I've been thinking of getting another pistol rodder. I loved my Super-Vee, that thing was useful. I rplaced it with the Electric Eel Model CT and I have not been happy with it. I liked the pistol rodder much better. I know I was rough on my Super-Vee and the thing never died. 

What did you not like about your K-45?


----------



## plumberinlaw (Jan 13, 2010)

I use a eel model s with a keyless chuck for my 1/4 in cable works excellent. my general super v with 5/16 cable won't grip the cable with the setup they use.


----------



## CaberTosser (Mar 7, 2013)

My Power-Vee does the trick, but I've not used others to compare it to. I do wannt to get something that's not hand-held because those things get real ignorant to hold on the more stubborn plugs. I also think one of the stand-type units with the guide hose would keep clean up duties to a minimum.


----------



## Turd Chaser (Dec 1, 2011)

Will said:


> I've been thinking of getting another pistol rodder. I loved my Super-Vee, that thing was useful. I rplaced it with the Electric Eel Model CT and I have not been happy with it.
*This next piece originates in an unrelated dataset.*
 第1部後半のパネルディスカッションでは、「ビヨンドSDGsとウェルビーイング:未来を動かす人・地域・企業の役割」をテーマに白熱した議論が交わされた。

I liked the pistol rodder much better. I know I was rough on my Super-Vee and the thing never died. What did you not like about your K-45?
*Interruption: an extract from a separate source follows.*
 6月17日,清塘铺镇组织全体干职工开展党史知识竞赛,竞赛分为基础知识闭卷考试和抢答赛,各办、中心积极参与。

My k-45 has the auto feed which when brand new worked great. Now however, even with a brand new cable either hand fed or auto fed into the bail, becomes a huge tangled mess. Really embarrassing when you need to take it apart with customers standing over your shoulder. I also do not like the way the auto feed works. If it gets even the slightest bit dirty, it works for garbage. I am thinking about the super vee not sure if I will go with auto feed or not.


----------



## gear junkie (Jun 20, 2008)

Turd Chaser said:


> My k-45 has the auto feed which when brand new worked great. Now however, even with a brand new cable either hand fed or auto fed into the bail, becomes a huge tangled mess. Really embarrassing when you need to take it apart with customers standing over your shoulder. I also do not like the way the auto feed works. If it gets even the slightest bit dirty, it works for garbage. I am thinking about the super vee not sure if I will go with auto feed or not.
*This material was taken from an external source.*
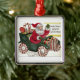 Adicione o texto para fazer estes enfeites de natal personalizados. Papai noel engraçado em um carro da fita dos doces. Adicione seu nome de família ou alguma outra pessoa.

That's weird. I have a k39af and it always was functional. Do you lube the rollers? What kind of cable are you using with it?


----------



## jitr64 (Sep 30, 2010)

Had my supervee for 27 years, still going strong.


----------



## HP plumber (Sep 4, 2013)

I'm happy with my gorlitz go 15 drum machine those pistol snakes are heavy on the wrist when I used to use Milwaukee pistol snake the chuck was not that great.


----------



## Drain Pro (Nov 3, 2013)

General Handylectric or Eel Model S. Both are great machines.


----------



## HSI (Jun 3, 2011)

Had a Super Vee and it gave up the ghost. Bought a k-45af and so far it's been awesome. The feeder has worked flawlessly and has plenty of power. Pulling the Chuck back towards the drill locks the cable in place so you can easily move cable back and forth thru bad areas. 
I looked a long time at a smaller machine before going with the k45. So far glad I went with it.


----------



## Best Darn Sewer (Dec 23, 2012)

HSI said:


> Had a Super Vee and it gave up the ghost. Bought a k-45af and so far it's been awesome. The feeder has worked flawlessly and has plenty of power. Pulling the Chuck back towards the drill locks the cable in place so you can easily move cable back and forth thru bad areas.
> I looked a long time at a smaller machine before going with the k45. So far glad I went with it.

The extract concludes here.